Этот ресурс создан для настоящих падонков. Те, кому не нравятся слова ХУЙ и ПИЗДА, могут идти нахуй. Остальные пруцца!

Великий и ужасный 02

  1. Читай
  2. Креативы
Минул год. Не надо меня считать легкомысленным, я, может быть, легок на подъем, но никак ни недотепа. По крайней мере, я такого о себе мнения. У меня всегда имелся четкий план, без которого я не сделал бы и шага, в любом направлении. Просто в этот раз, у меня почему-то его не оказалось. Все как-то поворачивалось не по моему: и в отношении скотины, и в отношении кормов для нее, и всего прочего. Чужой я здесь еще был – вот и растерялся.
Ранней весной я собственноручно прирезал Гошу. С этим поросенком меня многое связывало. Вместе мы коротали в доме морозные зимние вечера и лелеяли мечту о золотом фермерском будущем. Он утешал меня даже тогда, когда наша единственная коровенка Надя, Надежда, околела в своем стойле, а краснолицый ветеринар за вполне умеренную плату констатировал ее смерть.
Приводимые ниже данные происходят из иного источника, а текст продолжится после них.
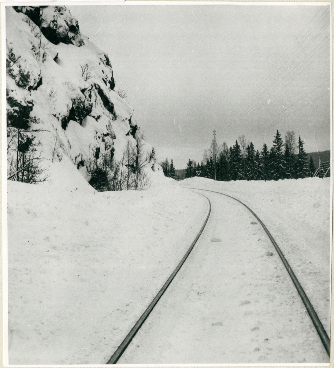Järnvägslinje vid berg mellan Utansjö och Oringen under vintertid.

Но я-то должен был выживать, и Гоша это понимал и особого сопротивления не оказал.
Но обиднее всего, что меня и это не спасло, и годовщину своего фермерства я встретил с теми же материальными благами, что имелись у меня год назад, только уже без денег. Правда, куры еще носились по двору, да картошку в этом году я свою посадил.
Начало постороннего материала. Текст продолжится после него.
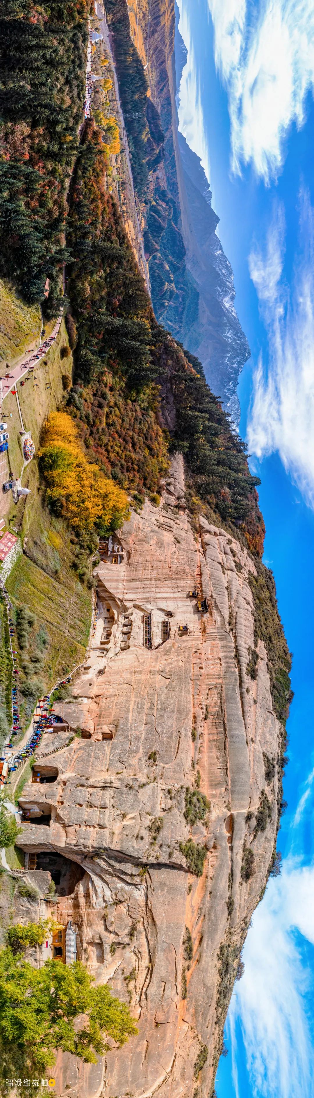 (请横屏观看,张掖临松山的马蹄寺石窟,摄影师@赵高翔)

Таким образом, промотав бабкино наследство, я был обречен влачить жалкое существование, где-то на задворках цивилизации, в городе-деревне Загуляево. Бесподобно! И такая меня злость разобрала, когда палящее солнце напекло мне голову, что, слегка помутившись разумом, я слонялся в семейных трусах по двору и каким-то прутом, попавшим мне под руку, ожесточенно стегал выросший в человеческий рост бурьян. Вправо-влево, вправо-влево – полосовал я его, как Константин Райкин в кинофильме  “Свой среди чужих…”, помните (?): “Бай, бай, бай! Собака! Бай!”. Я, кажется, тоже цедил что-то сквозь зубы. Дойдя до крапивы, я продолжал махать прутом, пока не уперся в скрывавшийся за ней забор. Только тут, поняв, что не в силах причинить тому вреда своим прутиком, я бессильно опустился на корточки и завыл. Знаете, как воют психи? Вот, примерно, так же.
Просидев так какое-то время, я понял: если не напьюсь, – свихнусь окончательно. Я забежал в дом, приоделся, схватил с полки пыльную авоську и устремился в магазин.
На самых подступах к магазину, я увидел, как три мужичка, пришедшие, по-видимому, за тем же, за чем и я, стоя у входа, разглядывали на двери небрежно приклеенный к ней листок бумаги. Когда я поднимался по ступенькам, они весело рассмеялись чему-то и стали спускаться мне навстречу. Приблизившись к двери, я также обратил внимание на листок. Это оказалось коротенькое объявление. Оно гласило следующее:
Частный детектив примет на постоянную работу
помощника в делах и секретаря (в одном лице).
Полный пансион + своевременное содержание.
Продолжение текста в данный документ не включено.